Bangalore's vibrant street food scene offers a treasure trove of culinary delights, and among them, Beetroot & Keema Chakna shines as a unique and flavorful star. This isn't your grandma's beetroot; we're talking a spicy, savory, and intensely satisfying snack that perfectly balances the earthy sweetness of beetroot with the richness of minced meat (keema). The unexpected pairing creates a complex flavor profile that's both comforting and exciting, a testament to the innovative spirit of Bangalore's culinary traditions. Imagine the delightful crunch of the beetroot, the subtle warmth of spices, and the satisfying savory notes of the keema – all coming together in a perfect harmony of textures and tastes.
This captivating blend of flavors and textures makes Beetroot & Keema Chakna a must-try for any food adventurer. Ready to embark on a culinary journey and create this Bangalore street food sensation in your own kitchen? Let's dive into the step-by-step process and discover the secrets to achieving this delicious and authentic recipe.
Tools Needed
- Cooker
- Large pan or skillet
Ingredients
- Cooking oil: 2-3 tablespoons
- Large onions: 2, finely chopped
- Ginger-garlic paste: 1-1.5 tablespoons
- Turmeric powder: 5 teaspoons
- Coriander: 1/4 kg
- Minced meat: 1 kg
- Red chili powder: 1 tablespoon (adjust to taste)
- Salt: 1-1.5 teaspoons
- Tomatoes: 2, finely chopped
- Turnip (beetroot): 1/2 kg, finely chopped
- Grated coconut: null
- Green coriander: finely chopped
Step-by-Step Instructions
Step 1. Sauté Aromatics and Keema
- Heat cooking oil in a cooker.
- Add finely chopped onions and soften them without burning.
- Add ginger-garlic paste and fry until the smell disappears.
- Add turmeric powder, coriander, minced meat, and red chili powder.




- Fry the minced meat until its smell goes away.

Step 2. Add Vegetables and Seasoning
- Add salt and chopped tomatoes. Cook until tomatoes are soft.
- Add finely chopped turnip (beetroot).
- Mix well. Add grated coconut (optional).



Step 3. Simmer and Adjust Consistency
- Add hot water to adjust consistency.

Step 4. Pressure Cook and Garnish
- Add finely chopped green coriander.
- Close the cooker and cook for 4-5 whistles.

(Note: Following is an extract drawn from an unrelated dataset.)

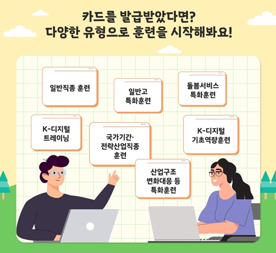예를 들어, 영상 편집, 웹 디자인, 프로그래밍, 간호·돌봄 서비스 등 다양한 과정이 있으니 자신에게 필요한 분야의 훈련을 받을 수 있습니다.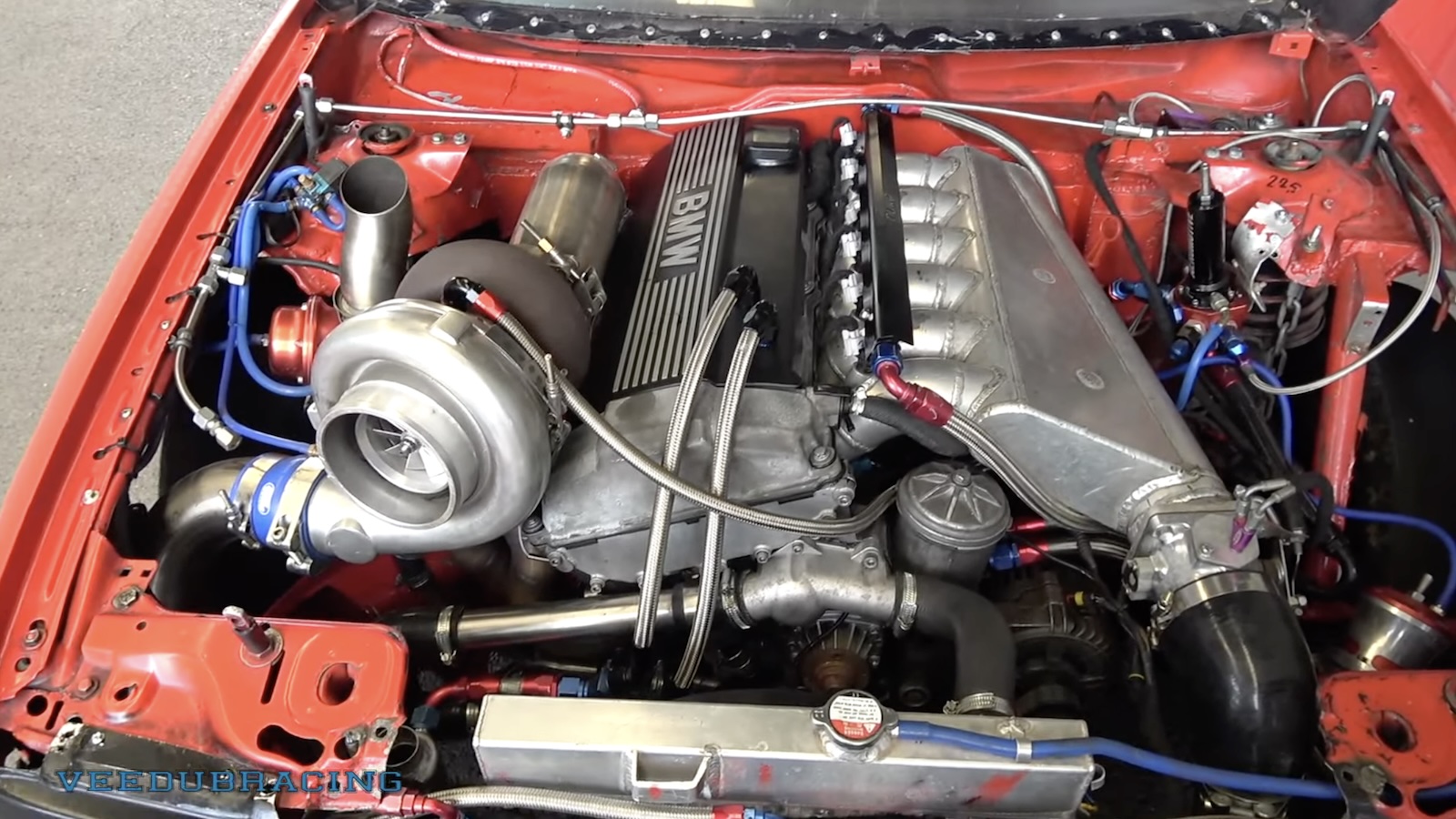 turbocharged 3.1 L BMW M50 inline-six in the engine bay of an Audi S2 race car

Read more: Creamy Cashew Chicken Curry: A Simple Yet Sumptuous Recipe
Tips
- Don't overcook the onions.
- Don't wash the beetroot after chopping; wash the peels first.
- Adjust salt according to your preference.
- This Chakna tastes great with puri, roti, or paratha.
Nutrition
- N/A
FAQs
1. Can I substitute the beetroot with another vegetable?
While beetroot is key to the unique flavor, you could experiment with carrots or even parsnips for a similar texture, but the taste will differ significantly.
2. What type of keema is best for this recipe?
Lamb keema is traditional, but you can use beef or even chicken keema if preferred. Adjust spice levels accordingly depending on your meat choice.
So there you have it – your very own batch of authentic Bangalore-style Beetroot & Keema Chakna. This vibrant snack is perfect for sharing with friends and family, or enjoying as a delicious and satisfying treat all by yourself. Enjoy the explosion of flavors and textures, and remember to experiment with spices to find your perfect balance!